* [Action item]:
Nothing but the lines from the one holding "Anthuriums like a" through the last line of the material below should be set down, exactly and without images.

=== Section Start ===

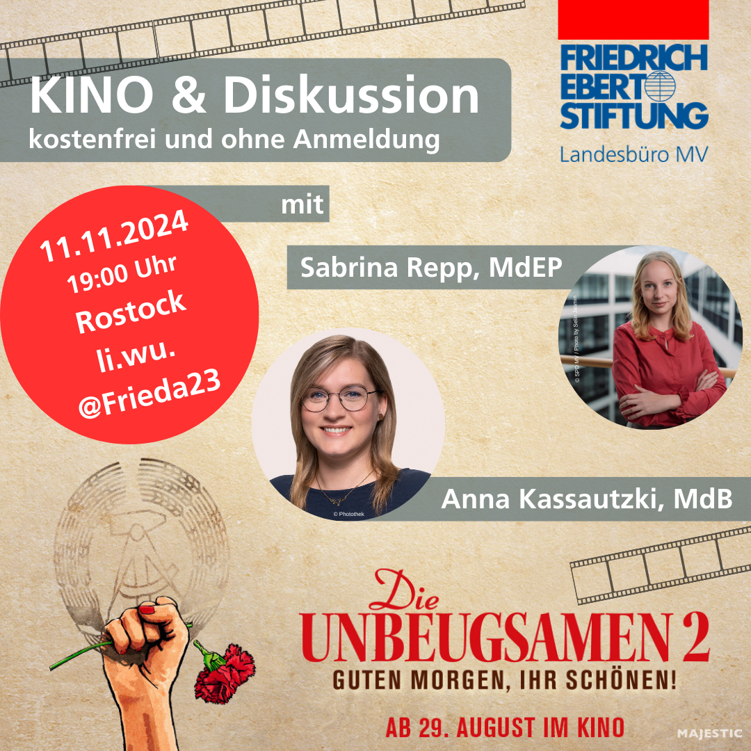 Mit seinem Dokumentarfilm-Hit DIE UNBEUGSAMEN setzte Regisseur Torsten Körner den Politikerinnen der Bonner Republik und ihrem Kampf um politische Teilhabe ein filmisches Denkmal – fast 200.000 Zuschauer.innen strömten in die Kinos. Nun richtet er mit der Fortsetzung DIE UNBEUGSAMEN 2 – GUTEN MORGEN, IHR SCHÖNEN! seinen Blick auf die andere Seite des Eisernen Vorhangs und zeichnet ein lebendiges Gruppenporträt ostdeutscher Frauen aus den verschiedensten Gesellschaftsbereichen der DDR. Fünfzehn selbstbewusste Frauen erzählen, wie auch im Land der staatlich verordneten Gleichberechtigung trotzdem das Patriarchat regierte und schaffen damit ein kraftvolles Kaleidoskop der Geschlechterbeziehungen im Arbeiter- und Bauernstaat. Der Film bietet den beeindruckenden Lebensleistungen der ostdeutschen Frauen und ihrem Kampf um Chancengleichheit eine fesselnde Bühne.Montag, 11.11.24, um 19.00 Uhr im Lichtspieltheater Wundervoll in der FRIEDA 23 (Rostock)****** komplett kostenfrei und ohne Anmeldung ********Wir zeigen den Film und wollen im Anschluss darüber diskutieren, Fragen stellen, Perspektiven austauschen, zusammen mit:- Sabrina Repp, Mitglied des Europäischen Parlamentsund- Anna Kassautzki, Mitglied des Deutschen BundestagsModeration: Ines Koenen (Trainerin, Dozentin, Coach)Weitere Info zum Kino:www.liwu.de/kinoprogramm/a-z/4756-die-unbeugsamen-2-guten-morgen-ihr-schoenen
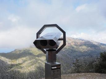 | Keywords: telescope by looking view binoculars optics distance vision overview outlook distant view target lookout search foresight distant watch wide sky blue partly cloudy viewpoint karst area mallorca serra de tramuntana mountains spain balearic islands coll dels rice gorge karst landscape pay subject to a charge coin-operated |
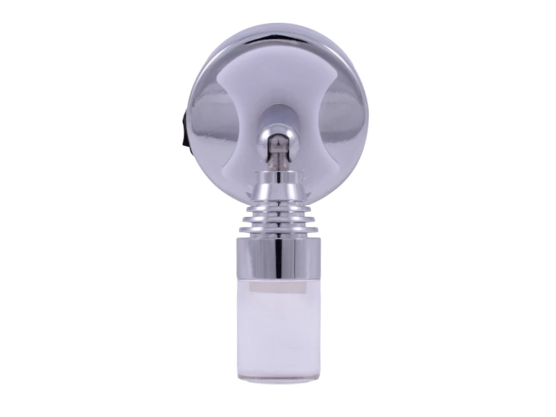 The light has a sturdy metal, chrome-plated body. It’s fixed through the base via 2 screws (not supplied) that are then hidden by a rotating plastic cover and connection is via flying leads.
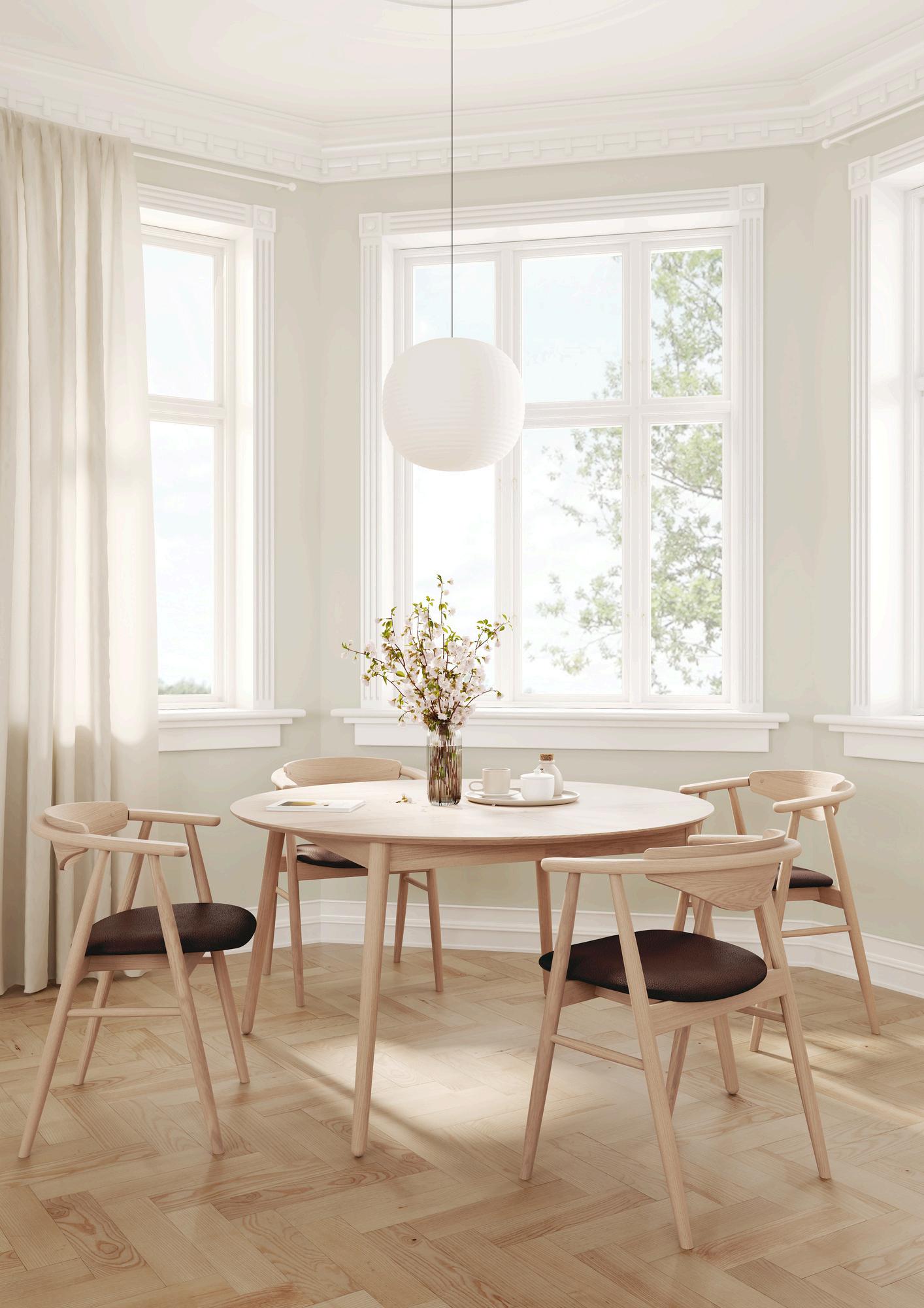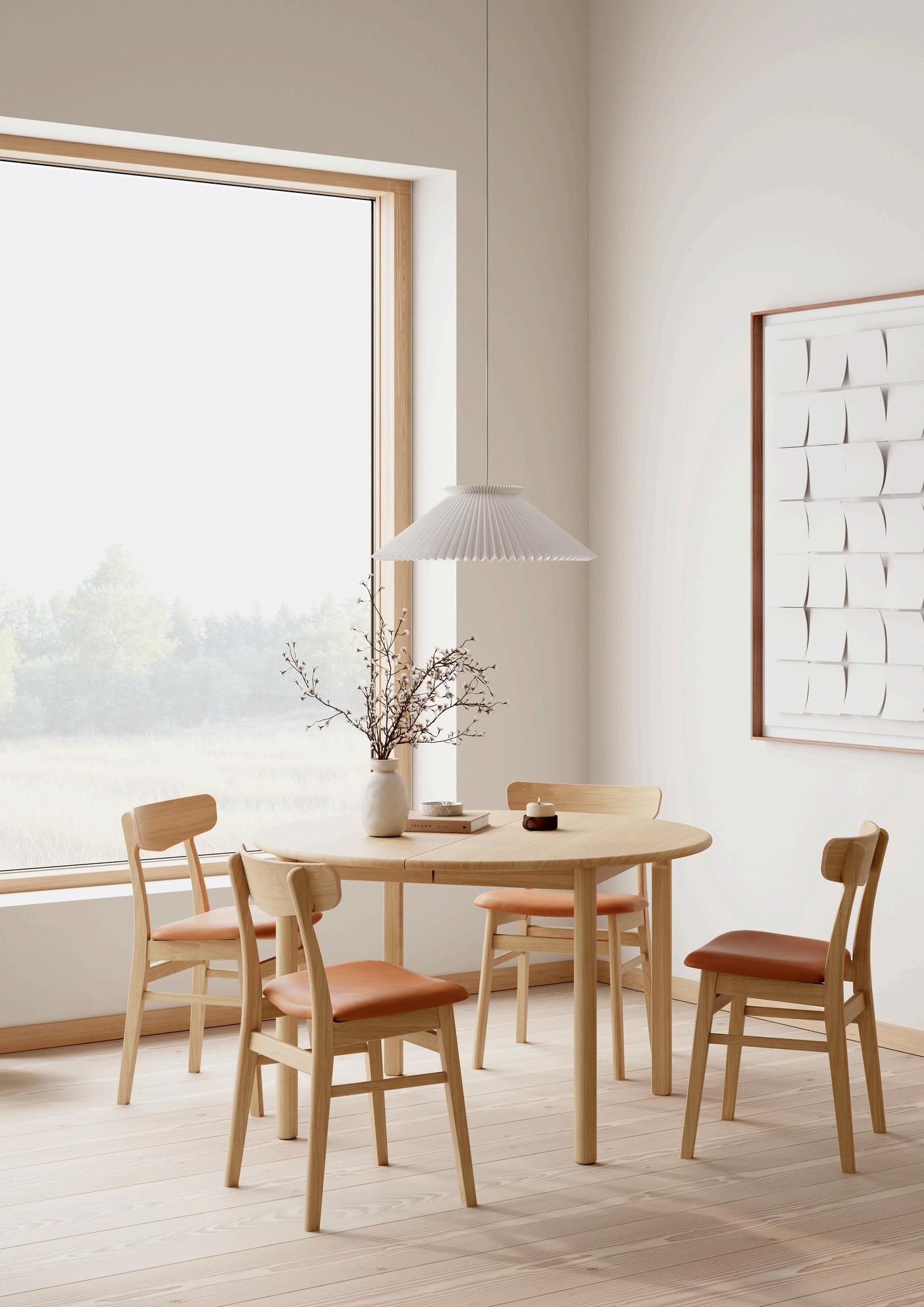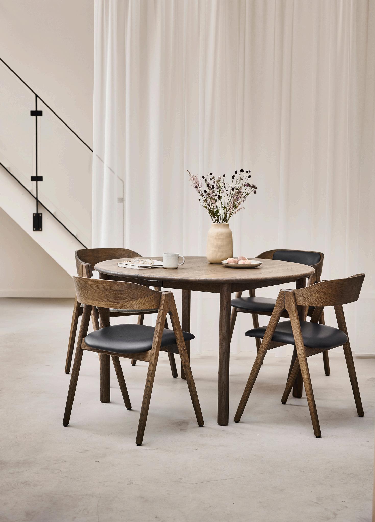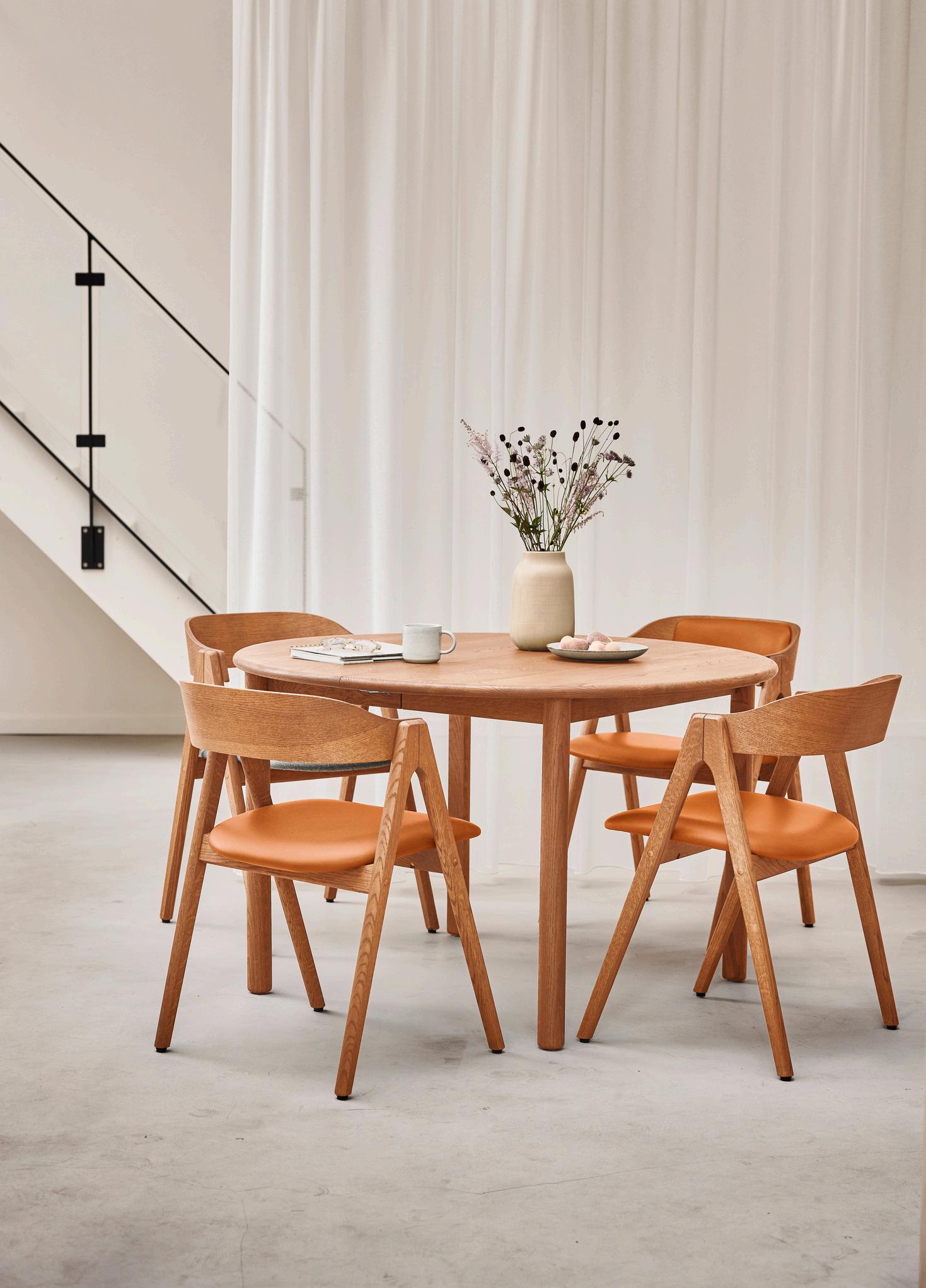 MEZA by Hammel rundt bord med udtræk, hvidpigmenteret eg, TRADITION by Hammel stole hvidpigmenteret eg, sydney choko læder
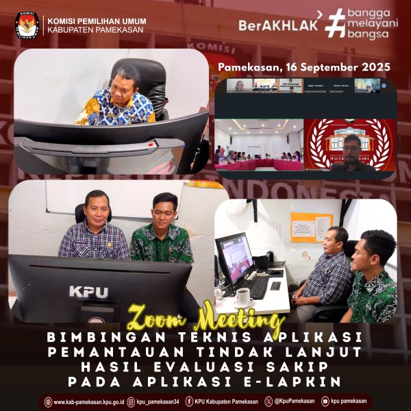 Pamekasan - Dalam upaya meningkatkan akuntabilitas kinerja, Sekretaris Komisi Pemilihan Umum (KPU) Kabupaten Pamekasan, Panji Kuncoro, dan Kepala Subbagian (Kasubbag) Rendatin, Akhmad Erfan Kusmanto, menghadiri Bimbingan Teknis (Bimtek) secara daring pada Selasa, 16 September 2025. Bimtek ini membahas Penggunaan Aplikasi Pemantauan Tindak Lanjut Hasil Evaluasi Sistem Akuntabilitas Kinerja Instansi Pemerintah (SAKIP) pada Aplikasi E-Lapkin.
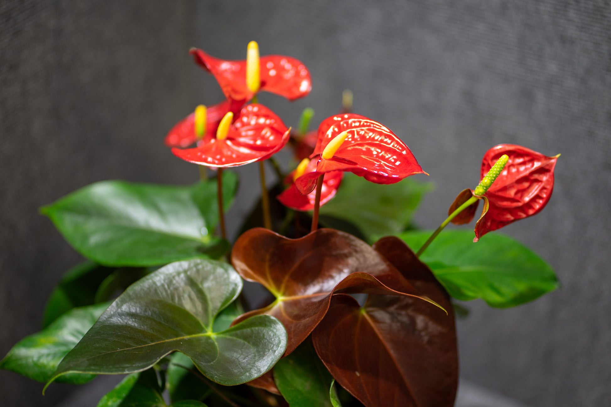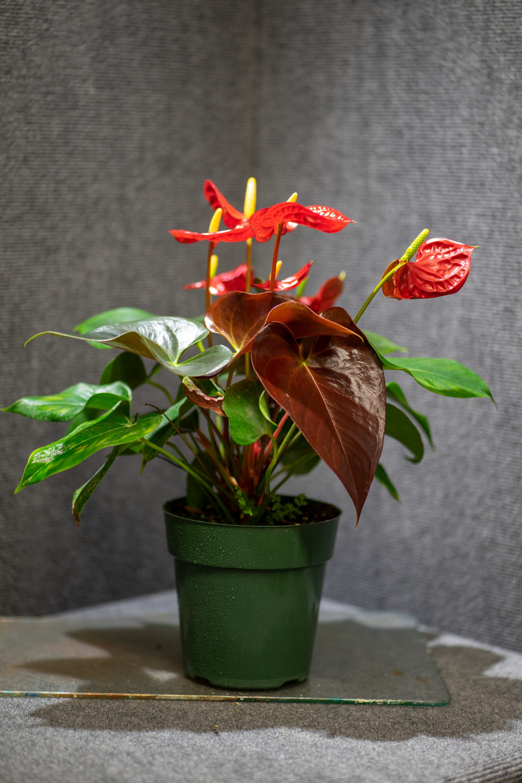 Anthuriums like a humid environment and good nutrition to bloom and thrive. Lacking these and they can still survive and provide a beautiful plant for a long time, just don’t expect it to grow and bloom a lot. Pests to look out for: low humidity leaf burn and root rot if overwatered.
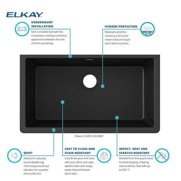 Elkay Quartz Classic 33 in. Single Bowl Undermount Kitchen Sink, Black
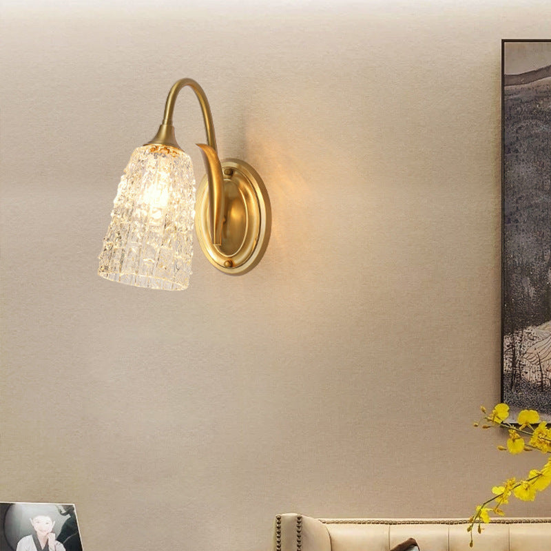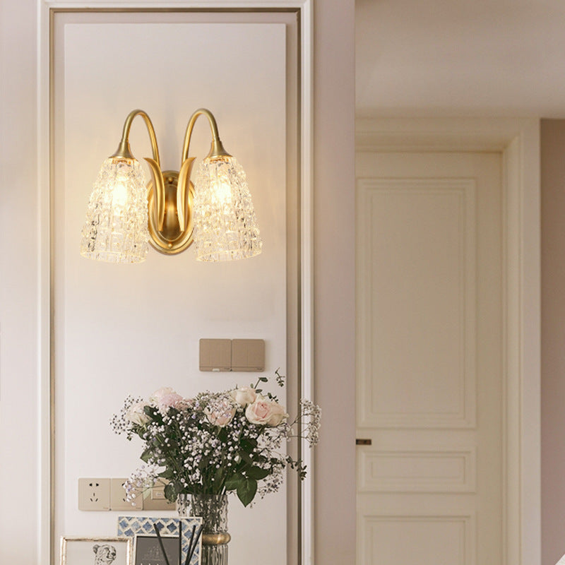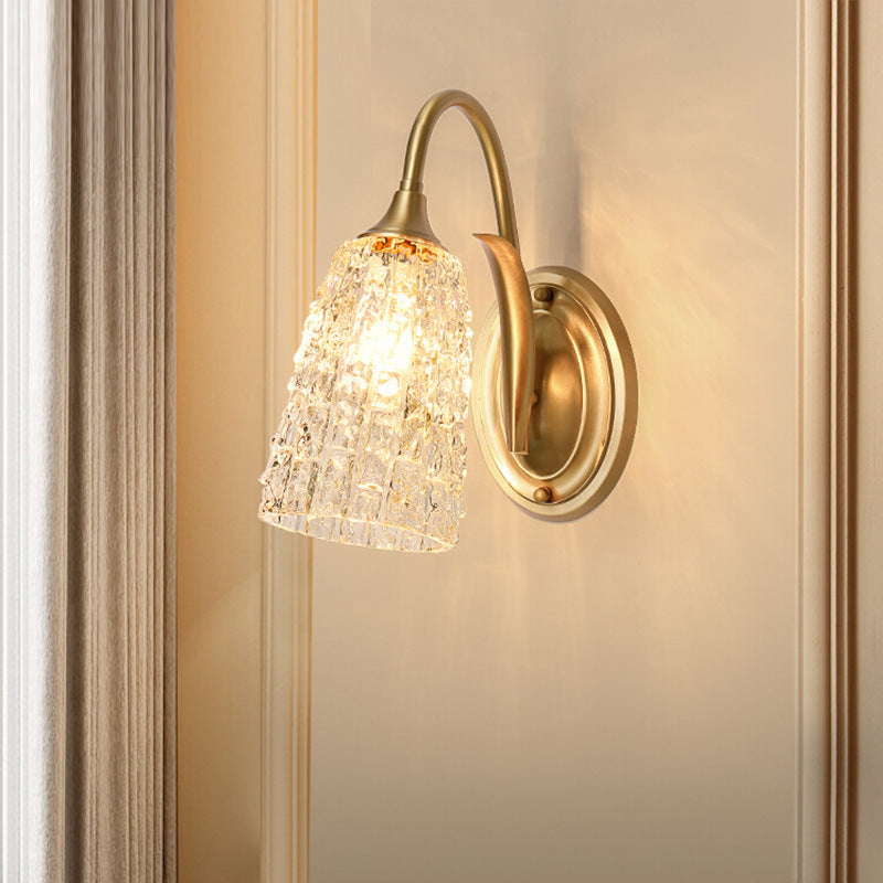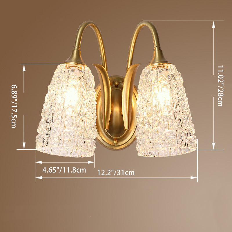 Contemporary Luxury Column Copper Glass 1/2-Light Wall Sconce Lamp For Living Room
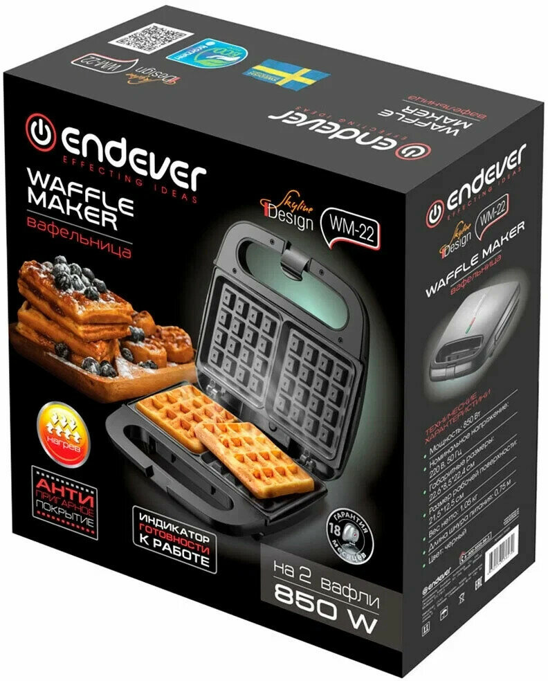 Вафельница ENDEVER Skyline WM-22, черный
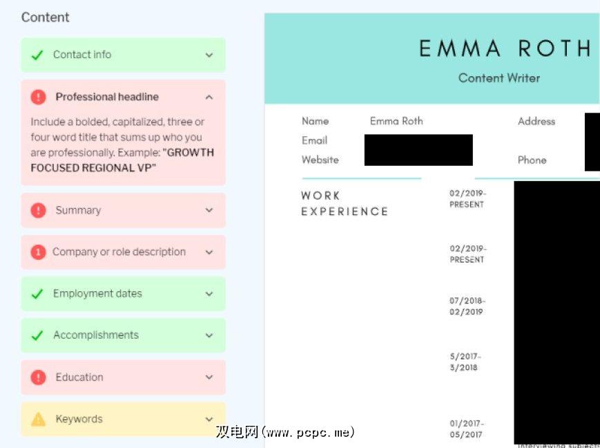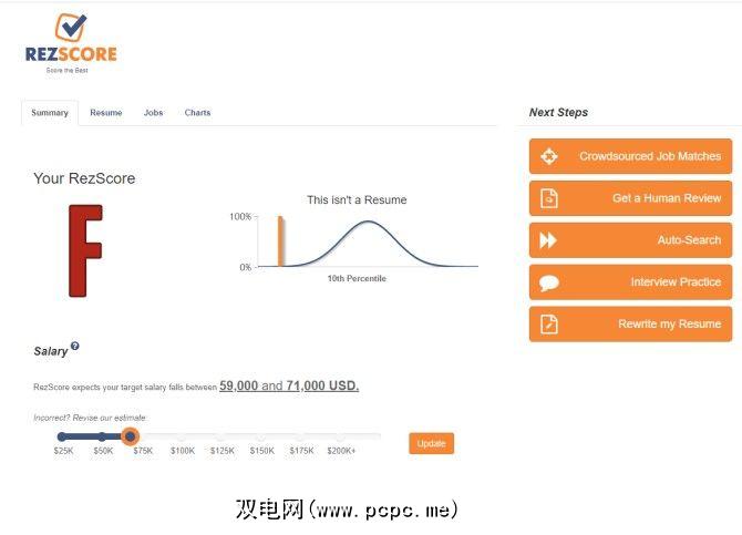 要快速查看简历,请将其上传到RezScore的评论服务。如果您的简历迫切需要帮助,此网站将告诉您。它不是这里列出的最全面的工具,但绝对可以使您知道哪里出了问题。

=== Section End ===

* [Answer space]:
 Anthuriums like a humid environment and good nutrition to bloom and thrive. Lacking these and they can still survive and provide a beautiful plant for a long time, just don’t expect it to grow and bloom a lot. Pests to look out for: low humidity leaf burn and root rot if overwatered.
 Elkay Quartz Classic 33 in. Single Bowl Undermount Kitchen Sink, Black
 Contemporary Luxury Column Copper Glass 1/2-Light Wall Sconce Lamp For Living Room
 Вафельница ENDEVER Skyline WM-22, черный
 要快速查看简历,请将其上传到RezScore的评论服务。如果您的简历迫切需要帮助,此网站将告诉您。它不是这里列出的最全面的工具,但绝对可以使您知道哪里出了问题。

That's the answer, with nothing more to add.